From now until noon, Feb. 28th, candidates for all state offices, except judgeships, will be filing for the 2018 May 8th midterm primaries. Filing began Monday without a hitch, though at the end of last week, observers were concerned that another unexpected court order could possibly delay the process.
Indeed, on Friday, Feb. 9th, the Fourth Circuit U.S. Court of Appeals issued an  order that candidates for the NC Supreme Court and state Court of Appeals could not file for the May 8 judicial primaries, because they will not be held. Instead, those candidates will file during a special judicial filing period June 18-29.
That order stayed an original ruling by federal judge who ordered primaries for state Supreme and appellate court candidates, but not for district and superior court candidates. 
The Republican-led NC legislature last year passed a law eliminating the 2018 judicial primaries for all judicial candidates because of judicial redistricting, but Democrats successfully challenged that law. The federal judge reinstated the judicial primaries for the state judicial races, but not for district and superior court races. Now, that’s to the fourth Circuit appellate court, there will be no May judicial primaries, and the special June filing period will go forward, unless a court stops that as well.
The legal back-and-forth have state Republican legislative leaders seeing red. 
Thus far a three-judge federal panel has had Republican 2011 legislative redistricting maps redrawn twice, finally ruling that the maps drawn by a court-ordered special master be used for the 2018 elections. Republicans successfully petitioned the US Supreme Court, in part, to stay that order for Wake and Mecklenburg counties alone, pending review. 
Republicans also were successful in getting an order by another three-judge panel striking down their 2016 partisan congressional maps, stayed by the US high court.  That stay is pending review of two other partisan gerrymandering cases the US Supreme Court is considering elsewhere in the nation.
And just this week, a three-judge state panel refused to take up the issue of Wake and Mecklenburg counties being blocked by the US Supreme Court in the legislative redistricting case involving the special master. The judicial panel cited, “…significant practical difficulties, if not jurisdictional impediments, exist when one court is called upon to construe and enforce another court’s order that was made upon a distinct and separate record by distinct and separate plaintiffs.”
Rep. David Lewis (R-Harnett), co-chair of the Joint Redistricting Committee, held an angry press conference last Friday, demanding that Democrats drop their court cases, and simply allow Republicans, who are in the legislative majority, to carry out the will of their supporters.
“These Democratic groups lose in state court, they run to federal court. When they lose in federal court, they run back to state court. It is judge shopping, pure and simple,” a livid Rep. Lewis told reporters. “They are trying to ignore a Supreme Court decision that came out less 24 hours ago!
“They want to confuse voters, cause chaos in election administration,” Lewis continued,”… and bully the General Assembly into surrendering to their political aims.”
-30-

STATE NEWS BRIEFS

WAKE COUNTY SCHOOL TEACHERS HIT HARD BY FLU
            [RALEIGH] If you ant proof that this is an exceptional hard flu season in North Carolina, look no further than the Wake County Public School System. On Monday, 1,283 teachers, or 11% percent of the entire teacher force for the system, called in sick because of the flu. The closest to that number was 792 back on October 2, 2017. Like other school systems across the state, Wake depends heavily on substitute teachers to fill in during this time of the year when teacher absences are expected.

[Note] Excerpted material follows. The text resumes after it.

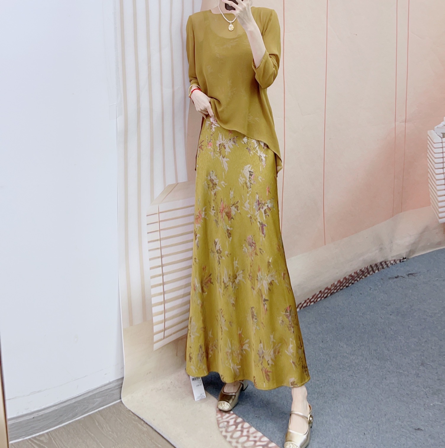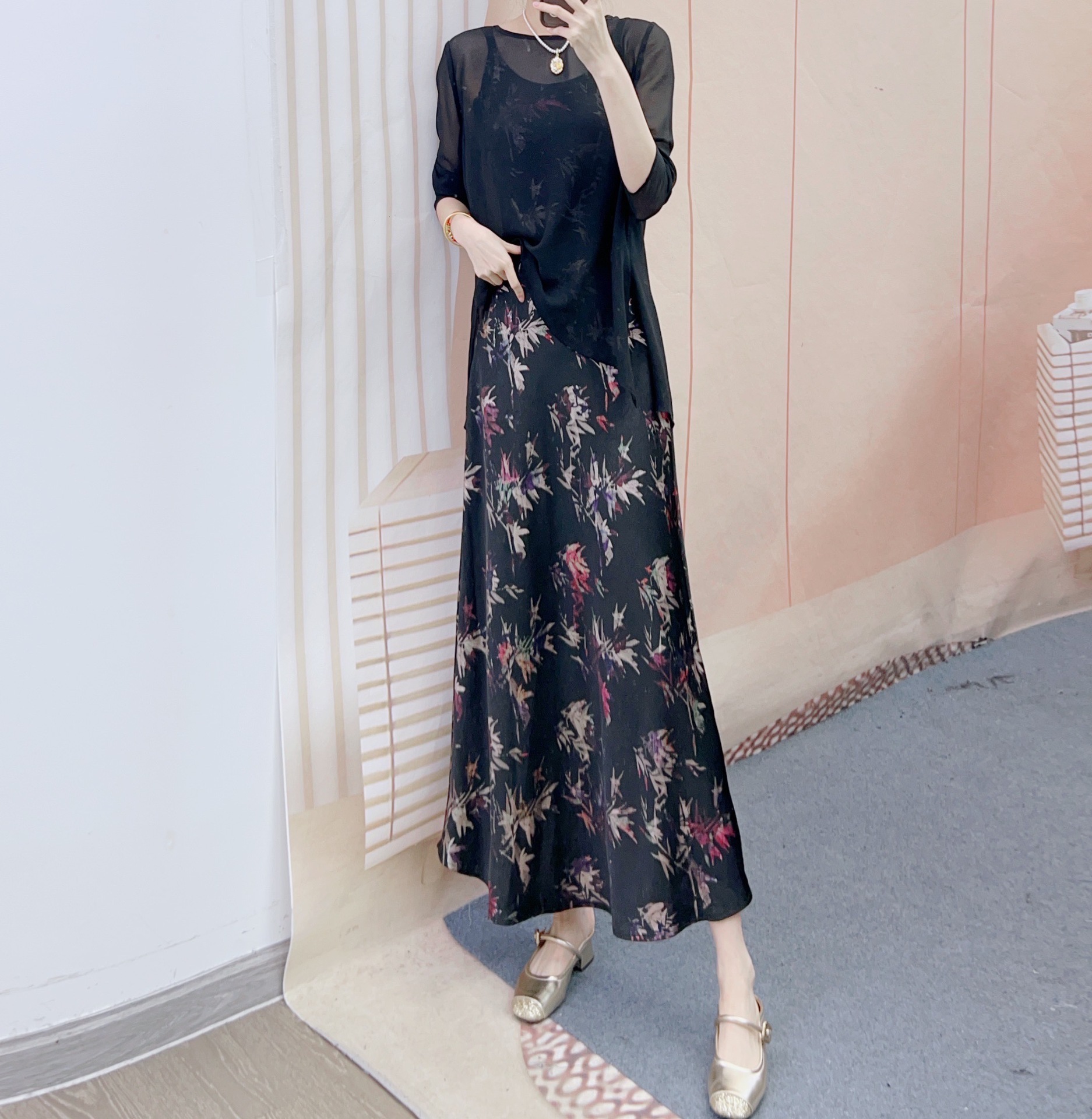 2025 신상품 Hanpai 패션 루즈 블라우스 + 프린트 서스펜더 드레스 투피스 스커트 165

STATE LAWMAKERS WANT TO BREAKUP SCHOOL DISTRICTS
            [RALEIGH] Bowing to some concerns that several public school districts across the state are too large, legislative Republicans say they want to study the situation in hopes of eventually breaking some school systems up into smaller districts. A newly-formed legislative study committee is scheduled to report back on May 1st. Republicans House members Bill Brawley and John Bradford of Mecklenburg County, and Chris Malone of Wake county, are the primary sponsors of the bill. Opponents say breaking up the school districts is just another way of reinstituting racial segregation. Both Wake and Charlotte-Mecklenburg school districts are the largest in the state.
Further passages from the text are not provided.